Important to us, People at the Center of Care, are the following recommendations:
- CMS should support measure developers, for example, by promoting the development of a toolkit to assist developers with patient and caregiver engagement. Companies and researchers that develop measures have just begun to learn how to engage patients and caregivers in the work of creating and testing quality measures. They need a roadmap (toolkit). The toolkit should include project planning that includes patient advisors, orientation for patient advisors, guides that researchers can use to recruit patient advisors, communication tools that patient advisors can understand and find.
- Patients and caregivers need to be engaged in all aspects of measure development from priority setting to reevaluation. Just like in any aspect of health care, patient and caregiver experts need a seat at the table of governance, design, testing, sharing and learning.
- Priorities for measures should be based on domains or conditions, not clinical settings or programs. Often measures are hospital-based or office-based. Yet, as patients and caregivers know, care occurs across settings and involves a team of professionals. The measures should reflect that span of care. For example, rather than developing measures intended for hospitals or eligible providers, CMS would focus instead on a clinical domain such as osteoarthritis. In targeting osteoarthritis holistically, CMS can develop measures that track patients across the continuum of care they receive for that condition—developing measures that assess performance among the primary care providers, radiologists, pathologists, rheumatologists, orthopedic surgeons, and other clinicians that might be involved in the treatment of that condition.

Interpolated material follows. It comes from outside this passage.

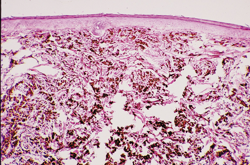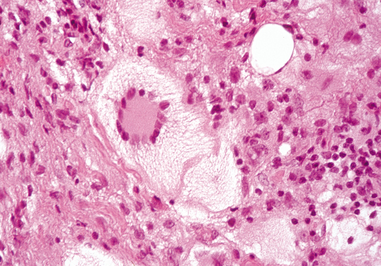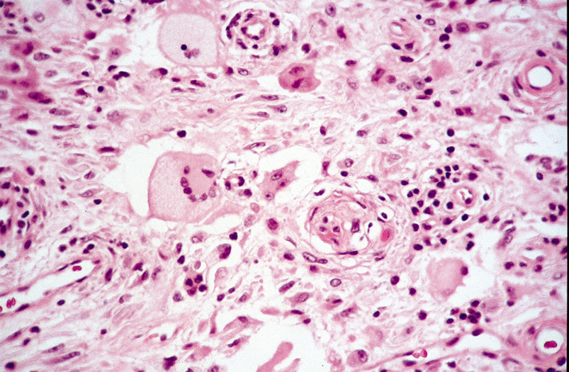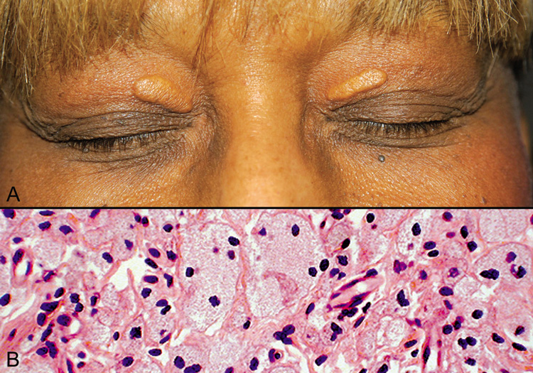 can be seen between collagen bundles in any of the collagen vascular diseases. A common cutaneous manifestation of dermatomyositis is a violaceous heliotrope around the eyes, on the lids, and on the cheeks. Histologically, there is orthokeratosis, thinning of the epidermis, loss of the rete ridge pattern, and vacuolar alteration at the dermoepidermal junction with a mild lymphohistiocytic infiltrate in the dermis. Scleroderma may occur in a generalized systemic form and several localized cutaneous forms. The characteristic clinical lesion is a sclerotic plaque with an ivory center, which appears bound down when palpated. Histologically, the epidermis is atrophic and there is thickening of the entire reticular dermis extending into the subcutaneous fat with an associated loss of adnexal structures. Individual collagen bundles are broad, eosinophilic, and oriented horizontally. In the early stages, there may be an inflammatory infiltrate at the dermoepidermal junction, but, in later lesions, only sclerosis and a lack of adnexal structures are seen. A wide variety of systemic metabolic disorders may lead to deposition of material in the skin, often around the eyes or on the lids. Small, yellowish, dome-shaped papules are seen in primary systemic amyloidosis or cutaneous amyloidosis. Histologically, small homogeneous globules may be detected in the dermis, especially around blood vessels. Lipoid proteinosis often demonstrates a characteristic string of small dermal papules with a yellowish hue along the lid margins. Again, glycoprotein material is seen as homogeneous bundles or fibers around blood vessels in the superficial dermis (Fig. 11). Xanthelasma commonly occurs in older individuals with normal serum cholesterol. However, in younger patients, it should alert the physician to look for hypercholesterolemia. Soft, yellowish papules and plaques are most prominent on the lower lids and cheek but may be seen on the upper lids. Histologically, dense clusters of foam cells are found in the superficial dermis. Intracellular lipid gives a vacuolated appearance (Fig. 12). Xanthogranulomas are often a manifestation of an underlying systemic condition. Erdheim-Chester disease presents with xanthelasma, and xanthogranulomas (Fig. 13). Juvenile xanthogranuloma may be single or multiple, orange-hued, firm papulonodules on the face. They may be present at birth, but most often arise in infancy. There is a dense diffuse dermal inflammatory infiltrate characterized by large Touton multinucleated giant cells with an amphophilic center surrounded by a ring of nuclei surrounded by an external ring of foamy cytoplasm. Most lesions involute spontaneously. Xanthogranulomas may appear on the iris and produce hemorrhage and glaucoma. Histologically, early lesions show a dense collection of histiocytes, some of which have pale, vacuolated cytoplasm. There also is an inflammatory infiltrate of lymphocytes and eosinophils. Mature lesions show the characteristic foam cells and Touton giant cells. Touton giant cells have a central wreath of nuclei surrounded by foamy cytoplasm (Fig. 14). In late lesions, the infiltrate is replaced by fibrosis. Cutaneous histiocytic proliferations (Langerhans cell granulomatoses) represent a spectrum ranging from Letterer-Siwe disease to eosinophilic granuloma. There may be dense, diffuse nodular infiltrates in Letterer-Siwe disease, with atypical histiocytes demonstrating large, hyperchromatic, kidney bean-shaped nuclei, some of which may infiltrate the epidermis. |

The good news is that CMS has already published Requests for Proposals (RFP) about including patient advisors in the measure development process. The bad news is that these RFPs do not expect patient experts to be paid for their work by measure developers. Currently, CMS expects that participants in Technical Expert Panels work pro bono or be subsidized by their employers. Measure development companies, academia, and national advocacy organizations willingly have their employees volunteer with CMS since they benefit from the networking connection, early intelligence, and addition to their resumes or websites. They are still paid their salary for the work. On the other hand, patient experts, included in measure development are usually not so employed and are not compensated for their time. This is not reasonable or equitable. Expertise has value and should be compensated. I am not paid for my work with CMS. I don’t care about padding my resume. I don’t need a better network – part of my value is my network. My time and skill are valuable. Oh well, one step at a time. PCORI gets it. We have more work to do with CMS.